E cosa hai concluso nelle tue ricerche e nei tuoi studi?

Ho rintracciato la causa della scarsa copertura mediatica: la mancanza di giornalisti formati ed esperti nel scrivere della crisi climatica. Per questo motivo nasce il nostro progetto, Camp SEWI. Un’iniziativa riferita agli studenti universitari di Dumaguete City, gestita da giovani, con l’obiettivo di alimentare il dialogo sull’ambiente e allargare la copertura mediatica. La crisi climatica può essere contrastata dando ai giovani i giusti strumenti giornalistici per comunicare con efficacia la minaccia ambientale.

Insomma, vivi nel Sudest asiatico, una delle regioni più a rischio per via della crisi climatica: tempeste, uragani, siccità, inquinamento dell’acqua, … come vivi tutto questo?

Il cambiamento climatico moltiplica le molte (e già preoccupanti) disuguaglianze presenti in regioni come la mia – aumenta la vulnerabilità delle persone già a rischio e marginalizzate. Nella regione Negros – dove vivo e studio – il 60 per cento della popolazione vive sulla costa ricorrendo alla pesca o a quello che il mare offre. I cambiamenti climatici modificheranno drasticamente le linee costiere per l’innalzamento delle acque, oltre a danneggiare, già ora, la biodiversità marina e la qualità dell’acqua. La popolazione della mia regione, come quella di molte altre, rischia di non poter più sopravvivere un domani.

Tutto questo, con quali conseguenze?

Se si mettono a rischio i mezzi di sopravvivenza delle persone ai margini, l’umanità si macchia di ingiustizia sociale. Le disuguaglianze aumentano specialmente tra gli strati più poveri, vulnerabili e meno resistenti a questo tipo di cambiamenti. Non si può parlare di attivismo e impegno ecologico senza includere l’aspetto più sociale ed umano della questione. La pessima gestione ambientale rischia di investire e travolgere molte vite – talmente tante da complicare la comprensione dell’immenso rischio che abbiamo di fronte.

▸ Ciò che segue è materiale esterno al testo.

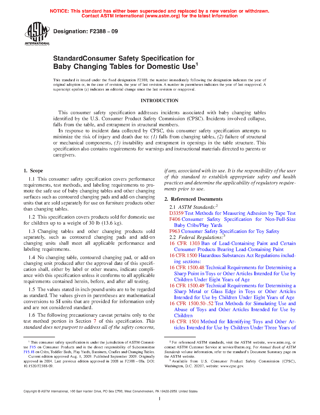 1.1 This consumer safety specification covers performance requirements, test methods, and labeling requirements to promote the safe use of baby changing products including changing tables, changing table accessories, contoured changing pads, and add-on changing units.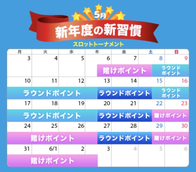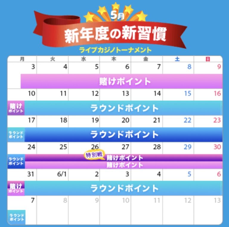 ライブカジノ・トーナメントの開催期間は2021年5月3日〜2021年6月7日、スロット・トーナメントの開催期間は2021年5月6日〜2021年6月3日です。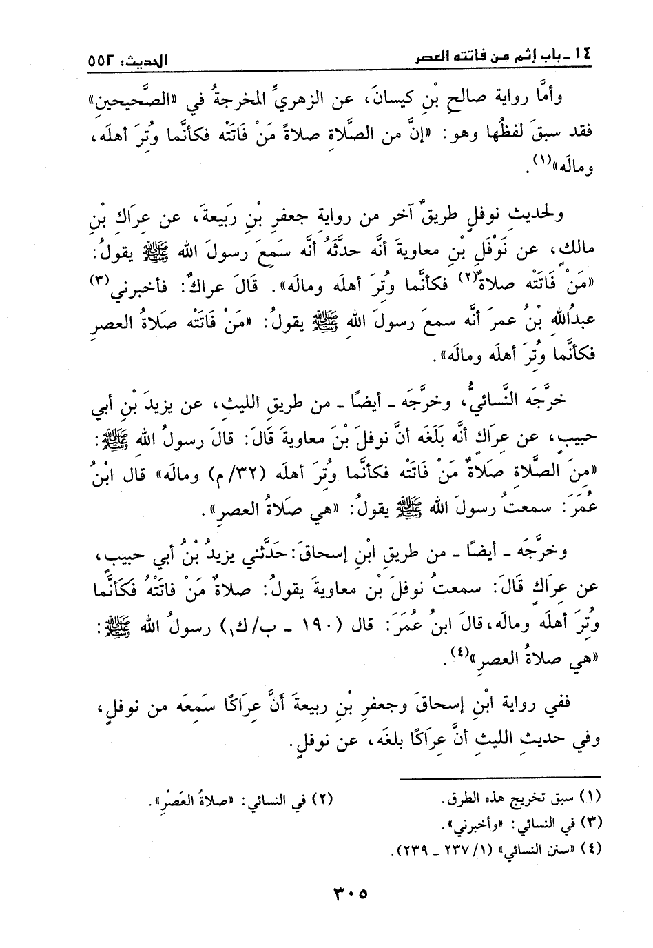 ولحديث نوفل طريق آخر: من رواية جعفر بن ربيعة، عن عراك بن مالك، عن نوفل بن معاوية، أنه حدثه، أنه سمع رسول الله - صَلَّى اللهُ عَلَيْهِ وَسَلَّمَ - يقول: " من فاتته صلاةٌ فكأنما وتر أهله وماله". قال عراك: فأخبرني عبد الله بن عمر انه سمع رسول الله - صَلَّى اللهُ عَلَيْهِ وَسَلَّمَ - يقول: " من فاتته صلاة العصر فكأنما وتر اهله وماله".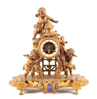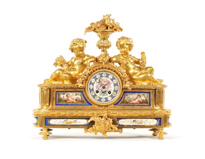 Lot 1065 - A 19TH CENTURY ORMOLU AND ONYX PANELLED MANTEL CLOCK
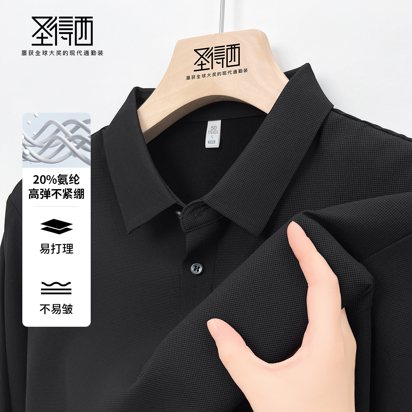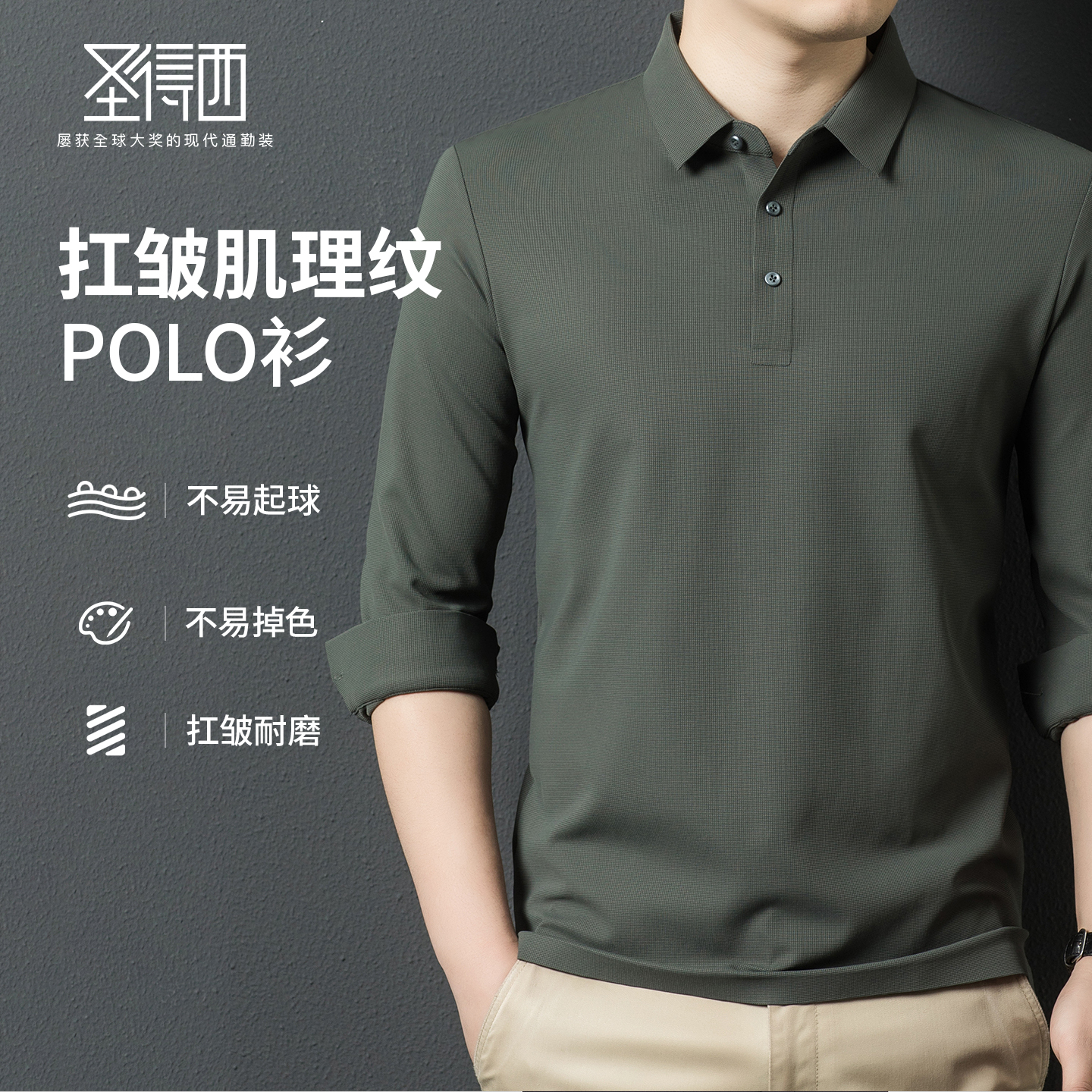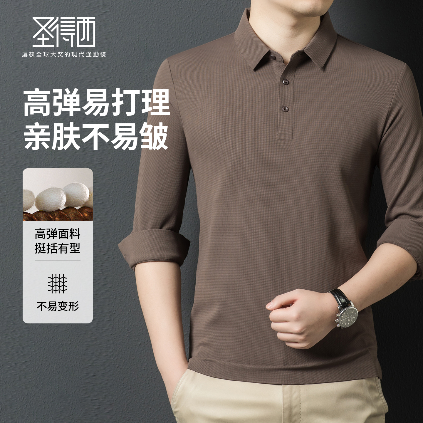 休闲舒适商务通勤纯色长袖 POLO衫 圣得西男士 上衣男 高弹免烫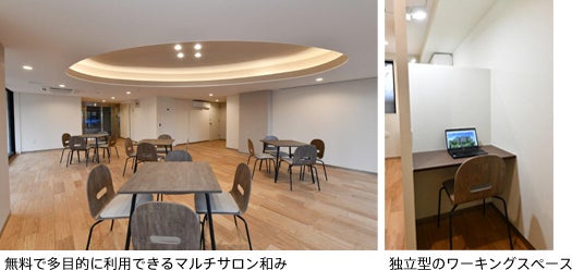 加えて共用設備として、お住まいの方々が無料で多目的に利用できる「マルチサロン和み」を設けました。個別利用が可能な独立型のワーキングスペースを併設し、高速無料Wi-Fiも完備しているため、集中してテレワークや勉強、読書に当たることができます。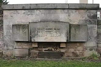 Chalmers was interred in the Grange Cemetery on 4 June, the very first burial in that cemetery.[21] His grave is on the north wall, near the north-west access. A large crowd of persons of all denominations accompanied his remains to the grave.[22] His wife Grace Pratt died 16 January 1850 and is buried with him, as is his daughter Grace Pratt Chalmers (1819–1851) and two of his other six daughters. James Sievewright, the moderator on the year he died, preached a eulogy.[23]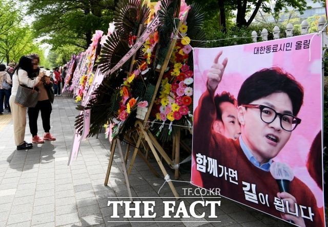 한동훈 전 국민의힘 비상대책위원장이 7월 전당대회 당 대표 경선에 출마할지 관심이 쏠린다. 지난 4월 한 전 위원장을 응원하는 문구가 적힌 화환들이 국회 헌정회관 담벼락에 세워진 모습. /배정한 기자

Le istituzioni UE hanno mosso i primi passi per il riconoscimento giuridico dei migranti climatici a livello internazionale: cosa pensi di questo tipo di migrazione?

Le migrazioni forzate (e non volontarie) rappresentano una sfida immensa. I cambiamenti climatici avranno effetti molto più evidenti e drastici nei Paesi in via di sviluppo, soprattutto tra le economie più vulnerabili all’aumento delle temperature. Mi riferisco a quelle regioni che dipendono dalla pesca, dall’agricoltura o dalle foreste – tutte attività che sono messe a rischio dall’attuale crisi climatica. In generale, gli animali e le piante o si adattano a questi cambiamenti o muoiono, oppure si spostano. Stessa sorte spetterà agli uomini, specie a quelli meno fortunati e meno protetti che dovranno migrare verso ecosistemi ancora un minimo integri, che dovranno scappare dalla povertà e dalla penuria di risorse – evento che già si registra in molte regioni del mondo.

Quindi, chi dovrebbe pensare ad una soluzione?

La crisi climatica non può più essere limitata solo ad alcune porzioni geografiche: il problema è globale, riguarda tutti. Tutti gli Stati sono responsabili per gli Stati limitrofi – ma anche per quelli più distanti – e questo è un bel rospo da ingoiare. Problemi comuni, però, portano a soluzioni comuni: la cooperazione internazionale può fare la differenza, ma solo se si dimostra la giusta volontà politica e diplomatica.

E, allora, cosa dobbiamo aspettarci dai politici?

I politici devono smettere di posticipare la discussione e l’attuazione di politiche eco-sostenibili a favore del pianeta. La crisi climatica si risolve con la volontà politica, non procrastinando. Tassare il ricorso al carbon fossile è cruciale, ma anche incentivare economicamente la transizione verso fonti energetiche rinnovabili, oltre che la loro produzione e il loro consumo.

E noi cittadini?

La società civile, intanto, deve fare pressione, deve farsi sentire e far capire ai decisori politici cosa vuole e cosa è giusto per l’umanità e per il pianeta. La salute delle persone dipende da quella del pianeta. La sicurezza e il benessere della vita acquatica e della vita terrestre non possono essere salvate se ignoriamo il problema e lasciamo aumentare eccessivamente la temperatura globale. Tutto questo lo decidiamo noi, che sia in modo diretto o indiretto: sta a noi decidere e agire, oppure non fare niente e lasciare morire il pianeta.